I have my Bug Out gear and relocation plans, now what?
You need to get where you're going and time is of the essence.
Now what should I drive?
Well that better be the vehicle you have with you. For some of us it's a pretty, shiny 4X4 SUV, others will use the family camper (a great idea if conditions allow) but most of us have plain Jane vehicles for getting to work or doing the running around town thing. I wanted my vehicle to be a bit more user friendly and pro-active while still blending neatly into society. I couldn't have it look like the War Wagon but it couldn't have all those prissy ground effects and plastic parts either. It needed to be a tool not a toy.

For my needs, I chose a pickup truck. I wanted an older truck with less electronic crap that I would have a hard time finding parts for and would be easier for me to work on myself.
I went with an older Ford Ranger. I had plans for a conversion and this vehicle suited me just fine. I found one that had "the look". It had a ding or two (or three) was scratched by years of regular use and nothing about it stood out. The type of vehicle that could easily get lost in a crowd. I liked that.

It was a Forest/Hunter green which would help me hide it should I need to pull off a side road and ditch (Sleep) for a while. It had a long bed with liner and this was crucial to my plans.

I had seen trucks with "Sleeping Platforms" and thought this was a great idea. As soon as I could bring things together, I converted this small lite duty work truck into my Camping/Hunting/Bug Out vehicle. The cap was held on with standard cap "clamps", I wasted no time removing them and replacing them with eight stainless steel carriage bolts run through the side rails of the truck body then sealed. This was for all practical purposes, part of the truck now....forever.
The truck was not lifted but had great clearance, firm shock absorbers, and a set of aggressive tires, this would help me avoid trash and debris in the road. It had a simple ladder type frame and standard suspension, but I had no plans on over loading it so this was of little consequence.

The inside of the bed was my main concern. I carpeted it very well to act both as a sound and temperature insulation. Then I constructed a simple ladder frame of given dimensions that I could make storage compartments under and a sleeping deck above. The compartments need to fit items I would be using a lot and needed to get at easily. I also had "long term" storage area up front for jack, jumper cables, tow strap and lug wrench. I hoped I didn't need access to these items on a regular basis.

The deck was then padded with industrial grade "high traffic" carpet. The color and pattern chosen to match the truck well, keep the inside dark and for it's ability to hide dirt/blood stains (this is a hunters truck after all).

The deck sleeps two adults with room to spare (some) and stores all the items I might need to take with me on a long term trip. Water, food, stove, lights, sleeping bags, tools, extra clothes, first aid, fishing gear, anything I need.
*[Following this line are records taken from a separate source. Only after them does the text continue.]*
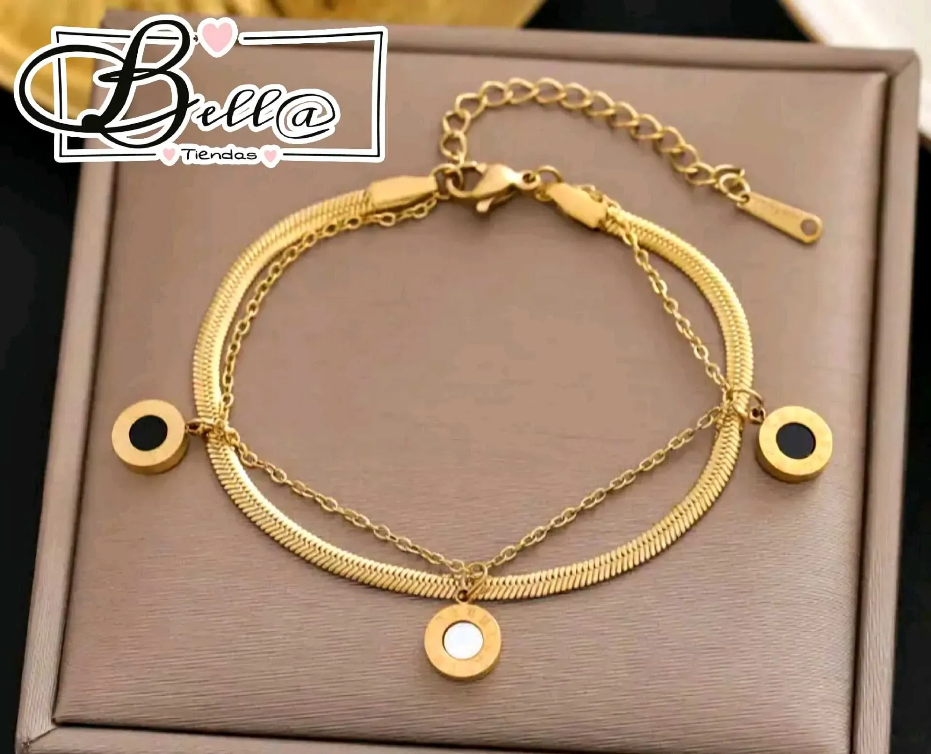 Pulsera Doble Piel de Serpiente dijes tipo Bvlgari ⚫️⚪️
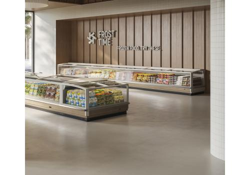 Intended for supermarkets and hypermarkets, it allows good layout flexibility thanks to 2 3 lengths and one head cabinet that allows island compositions.
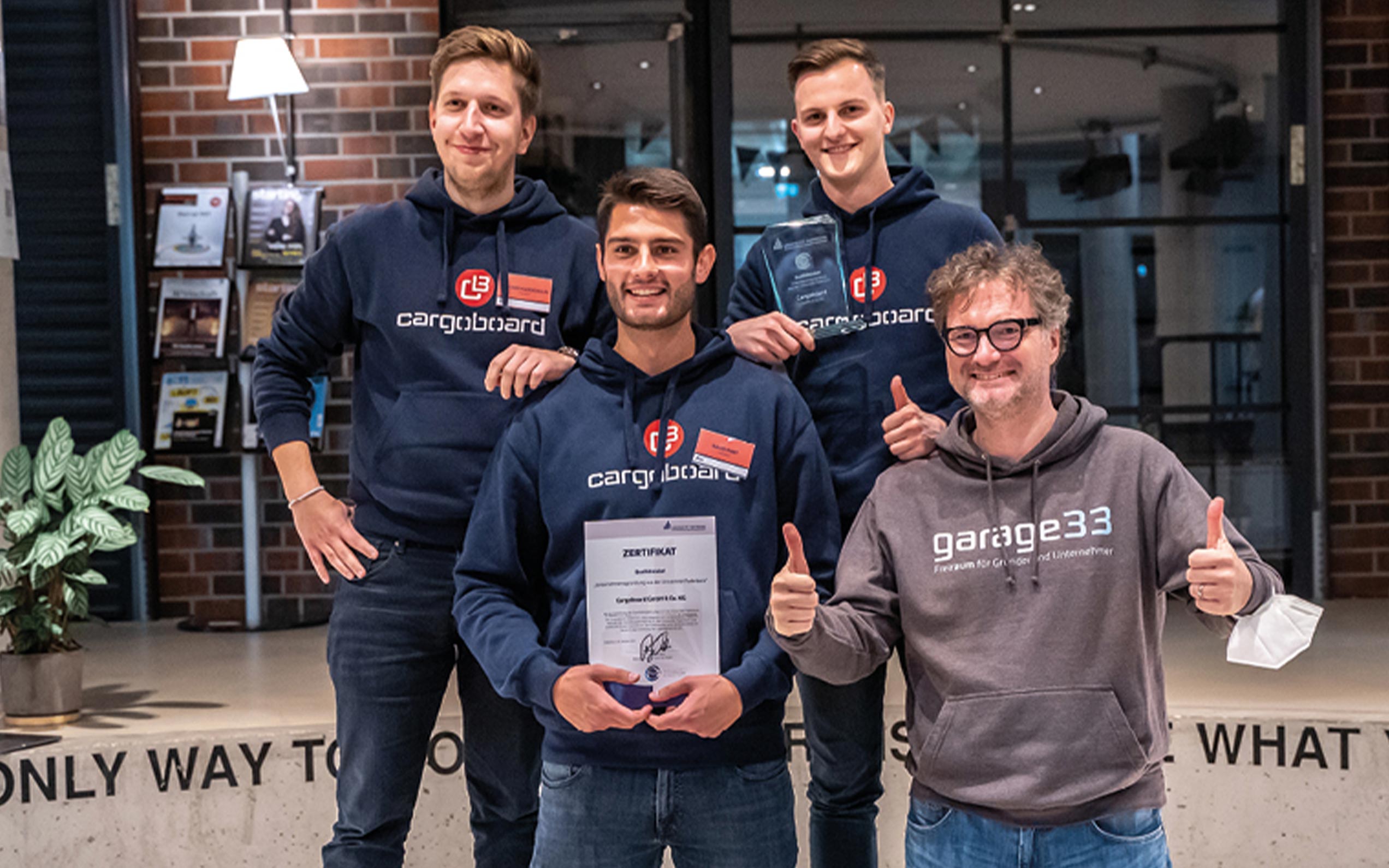 Ein Start-up-Team erhielt darüber hinaus eine ganz besondere Auszeichnung: Professor Dr. Rüdiger Kabst überreichte das Qualitätslabel „Unternehmensgründung aus der Universität Paderborn“ an die Cargoboard GmbH & Co. KG. Damit zeigt sich die Universität für das Engagement im Rahmen der Gründungsförderung sowie für das innovative Geschäftsmodell im Bereich Digitalisierung der Logistikbranche mit Vorbildfunktion gegenüber der Cargoboard GmbH & Co. KG erkenntlich. Lukas Petrasch, Richard Kleeschulte und David Port, Mitgründer des Unternehmens, nahmen den Preis stellvertretend für das Team entgegen. Artur Nachtigal, der Vierte des Gründungsteams, verfolgte die Veranstaltung digital. „Ich freue mich sehr über die Auszeichnung – ein weiterer Meilenstein für uns. 2018 gab es genau hier, in der Arena der garage33, einen Corporate-Workshop mit der CargoLine. Die Fragestellung war, wie man den Speditions- und Logistikmarkt innovativ verändern kann. Wir haben unsere Idee vor der CargoLine erfolgreich gepitcht, ein eigenes Büro in der garage33 bekommen, erste Prototypentests gemacht, den ersten Umsatz generiert und schließlich 2019 ausgegründet. Cargoboard hat die B2B-Stückgutspedition digitalisiert. Seitdem sind wir rasant gewachsen. Mittlerweile besteht unser Team aus 32 Mitarbeitenden. Wir möchten etwas von dem, was wir hier an Unterstützung erhalten haben, wieder zurückgeben“, erklärt Richard Kleeschulte.

A tarp is on stand by to act as cover and protection for the carpet when I put wet items in the rear.

Although this is not a "full sized" pick up, that is not a terrible disadvantage as far as I am concerned. The smaller size allows me to fit in some tight places and the vehicle gets good mileage giving me greater range.

The truck suits my needs better then expected. I am ready to camp at a moments notice or head out to the trout stream. I just throw a few odds and ends in the back and off we go.
In the event of an emergency, I am able to do the Bug Out Boogie across town or to the out back with very little prep time or heads up. Truck owners should consider the idea. Check on line for plans and ideas for sleep/storage platforms.